動けない分頭脳労働をと無理やり付いて行こうとした結果、椅子に座ったままだったのにも関わらず、疲労困憊で帰宅することになった。
……
教会の講義を終えた翌日、私はチェルティーナの別荘へと来ていた。
「……そんなことがあったのですわね」
「はい、大変でした……」
ドレンディアへ向かっていた間に起きた出来事について教えて欲しいと言われたので、その説明をした。
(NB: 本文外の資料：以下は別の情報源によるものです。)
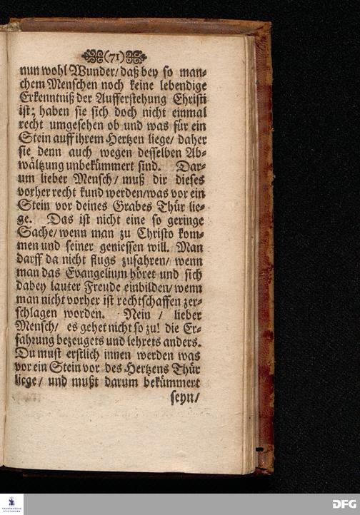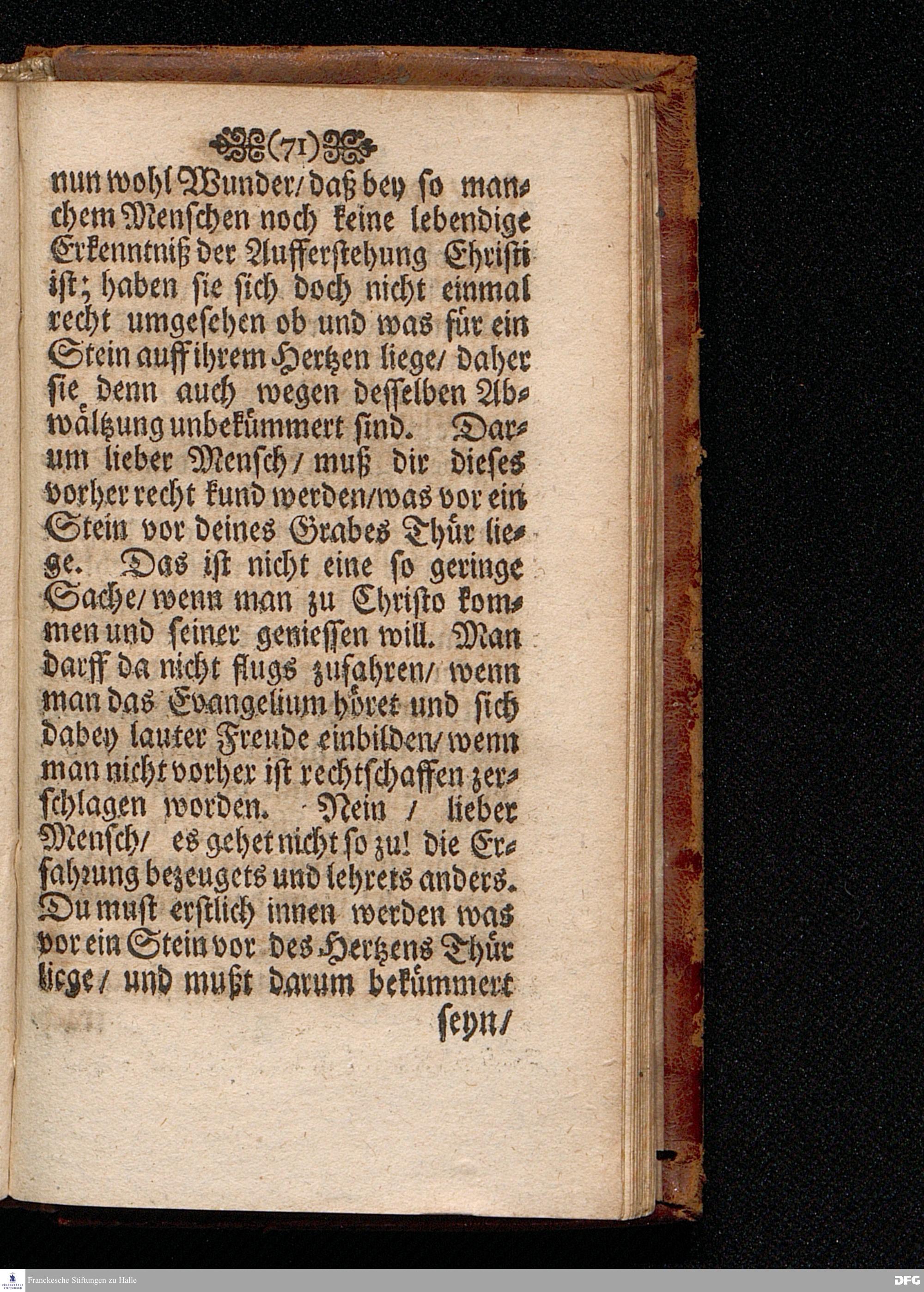 Das Lebendige Gedächtniß der Aufferstehung JESU CHristi; Am ersten Oster=Feyer=Tage über das Evangelium Marc. XVI. 1==8. In der St.Georgen=Kirche zu Glaucha an Halle MDCCI. vorgestellet / von August Hermann Francken / SS.Theol.PP.Ordin. & Past.Glauch. Halle / Druckts Joh.Grunert / U.B.
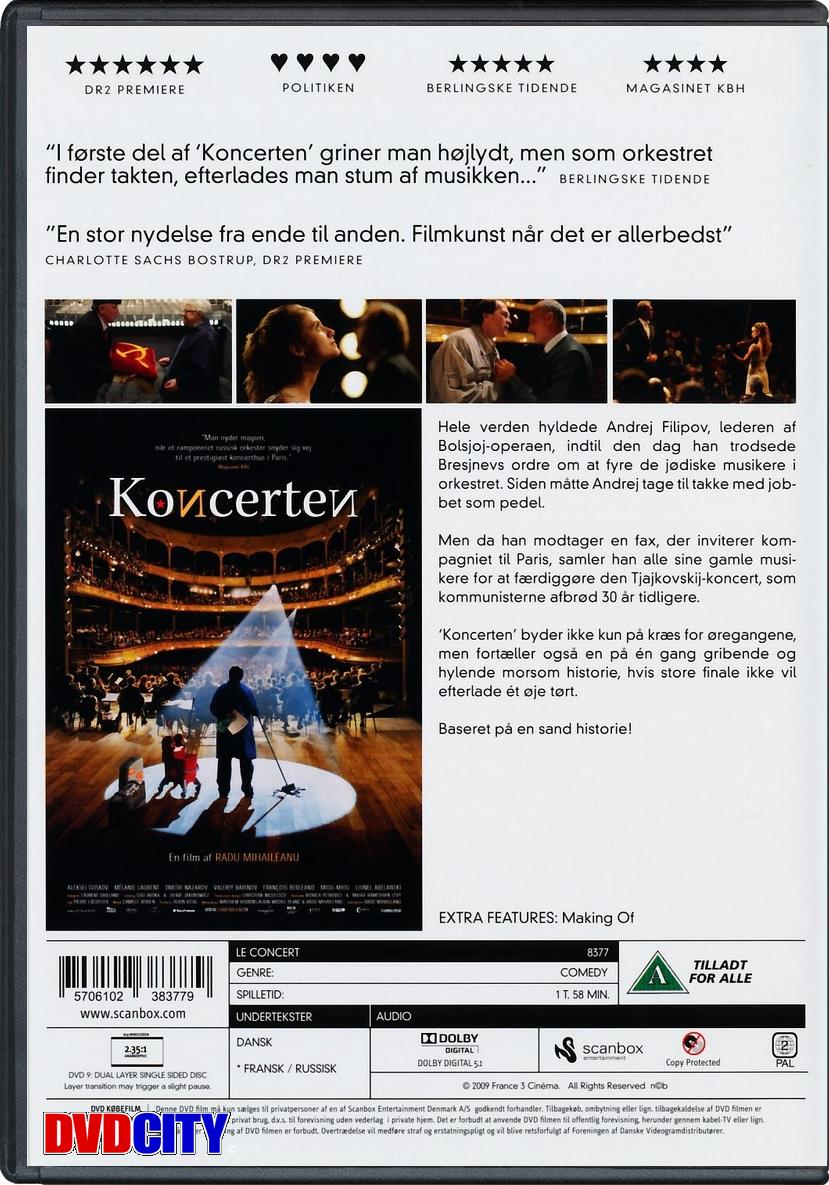"Koncerten" byder ikke kun på kræs for øregangene, men fortæller også en på én gang gribende og hylende morsom historie, hvis store finale ikke vil efterlade ét tørt øje i biografen.
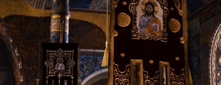 10. В інтер’єрі Трапезної палати при церкві Прпп. Антонія і Феодосія Печерських. Хорогви. Фото О. Угарової, 2018 р.
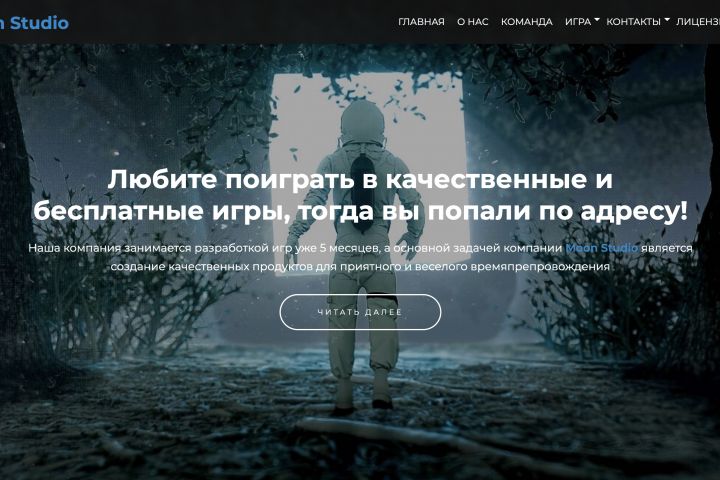 Получился презентационный сайт игровой студии, который:
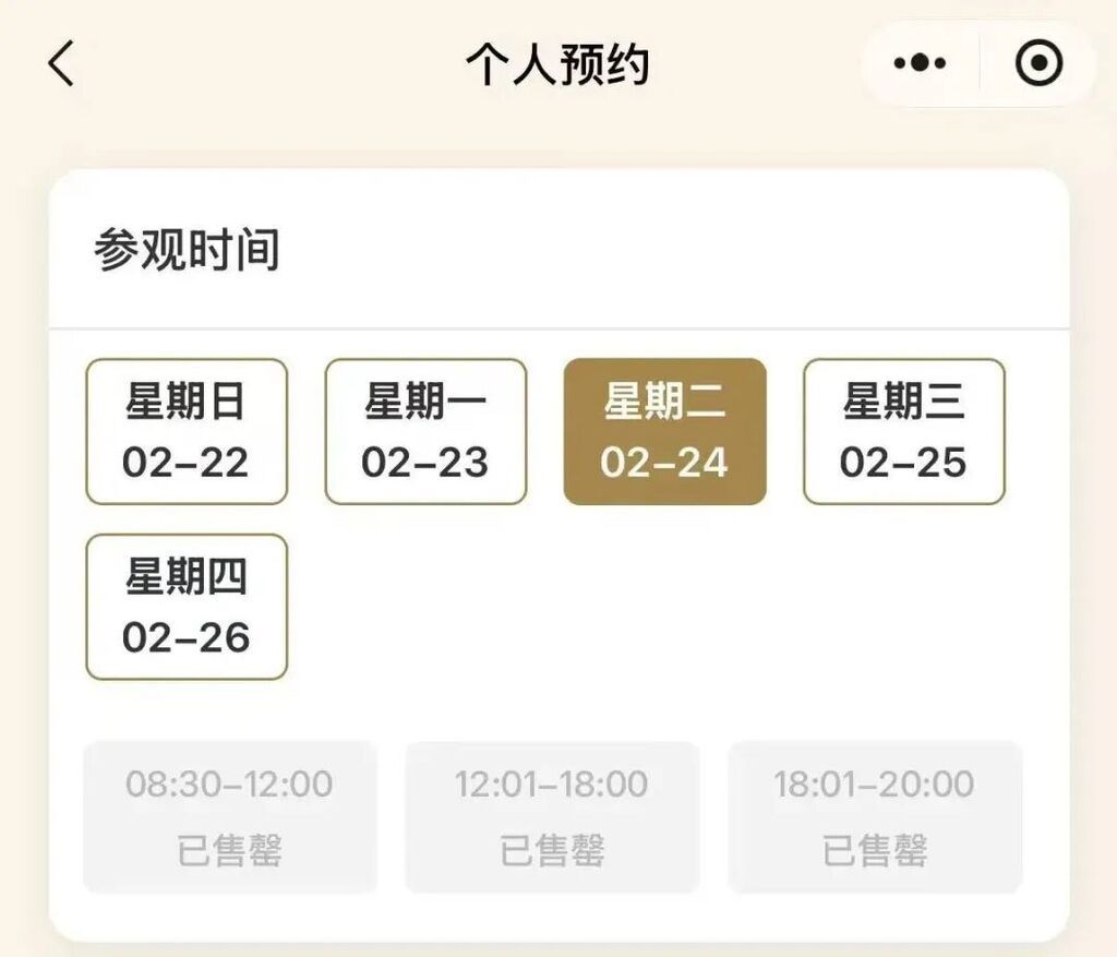 小布从三星堆博物馆公众号“门票预约”中看到,截至发稿时,三星堆博物馆2月22日、2月23日、2月24日门票均已售罄。
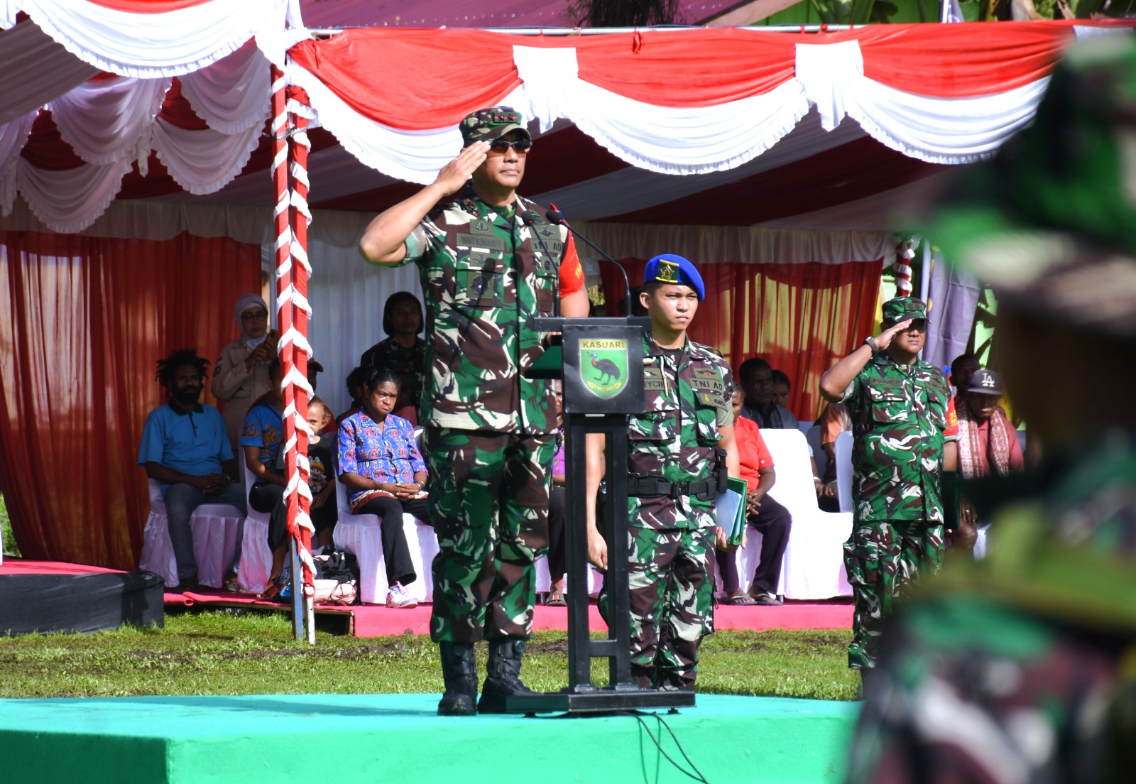 Sorong – Papua Barat Daya, Komandan Resor Militer (Danrem) 181/PVT Brigjen TNI Totok Sutriono, S.Sos., M.M., mendampingi Panglima Komando Daerah Militer (Pangdam) XVIII/Kasuari Mayjen TNI Jimmy Ramoz Manalu, S.Hub.Int., M.H.I., dalam upacara penutupan program TNI Manunggal Membangun Desa (TMMD) ke-124 Tahun 2025 yang dilangsungkan di Kampung Jeflio, Distrik Mayamuk, Kabupaten Sorong, Papua Barat Daya, Rabu (4/6//25).
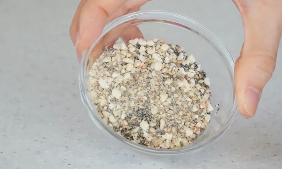 ⑦把提前备好的坚果碎放在糖丝中间的位置,用小工具卷起来,卷四下左右。
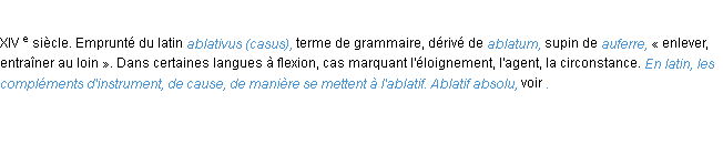 Signification éditée en 1986 pour le terme « ablatif » par l’Académie Française.

「御ばあ様より言伝を預かっておりますわ。 なんでも、カティ様にお礼を言いたいと。 何があったのでしょう、アヤリ様は知ってらっしゃいますの?」
「いや、カティくんが何か頼み事ってのをしていたみたいだけど、私も詳しくは知らないですね」
「そうですの……。 それにしても他国への旅行、憧れますわ! 私、他国へと渡った事がありませんの」
「……チェルティーナさんの実家って、ドレンディアと近いと思いますが、それなのにですか?」
「そうですわ。 これでも時期当主の身ですので、自由に行動できるわけではありませんの。 上に立つ者は必要があれば使いを出すものですし、自ら国境を越える機会はありませんわね」
「今はその分自由にやってますわ」と彼女は付け加える。
「……貴族ってのも大変なんですね」
「それはそうですわ。 民の中には、豪華な生活を徒労なく出来ているなどと考える者もいたりしますが、実際は仕事に追われ、睡眠もままならない方も存在しますの。 そういった方々の力で、平和が保てておりますわ。 ……過去、税を引き上げて贅沢三昧をしていた貴族もいらっしゃいますので、そういった偏見も致し方ないのかもしれませんが」
「な、なるほど……」
彼女は「ふぅ」と息を吐く。
「で、その所為でアヤリ様は怪我をしているということですのね」
「そうなりますね」
現在はコルセットをきつくし過ぎない程度で着用している。
「まったく……、危険な場所に自ら向かうからそういった騒動になるのですわ。 軽率な行動は控えるべきですわね」
「……そうですよね……」
気を抜いていたとはいえ、元はと言えば裏路地に迷い込んだのが原因である。
「危険はどこに潜んでいるかわからないものですわ。 アヤリ様は目立つのですから、注意しませんと」
「あっちの町ではそこまで目立っては――」
「まぁ! なら何故人攫いに目を付けられるんですの?」
「それは……。 確かに、そうですよね」
あくまで主観で町に溶け込めていると感じていたが、実際はそうではなかったのかもしれない。
(今にして思えば、露店でもカモにされてたのかも……)
他の客よりも声を掛けられてた事が多かった気もするので、その可能性はないとは言い切れなかった。
「でも、その為に自力を今よりも身に付けるのは良い考えですわね。 私の場合常にフェンが護衛しているので発揮する機会はありませんが、一応の心得はありますのよ」
「そうでなのすか?」
「えぇ、実家では女も強くあるべきという考えですので、その辺のチンピラ相手なら負けませんわ!」
そう豪語する彼女を訝しんて、私は近くに居たフェンを見る。
「……確かにお嬢様は戦えます。 現在のアヤリ様より強い位ですね」
「え!? でも私の剣は――」
「それについての情報は知っていますわ。 そもそも、剣を受けた時点で令嬢としては負けみたいなものですので、華麗に回避してみせますわ!」
チェルティーナは「傷は女の価値を落としますわ」と、その場で踊る様にくるくる回る。
彼女は元勇者の家系なので、武に長けているということなのだろうか。
(なんか、体育会系な雰囲気出てたもんな……)
先日彼女の実家に訪れて、そんな印象だったと思い返す。
「何なら、一戦交えてみます? 私体を動かすのは嫌いではありませんもの」
「いや、怪我してるので……」
何やらスイッチの入ってしまった彼女に、当然の断りを入れた。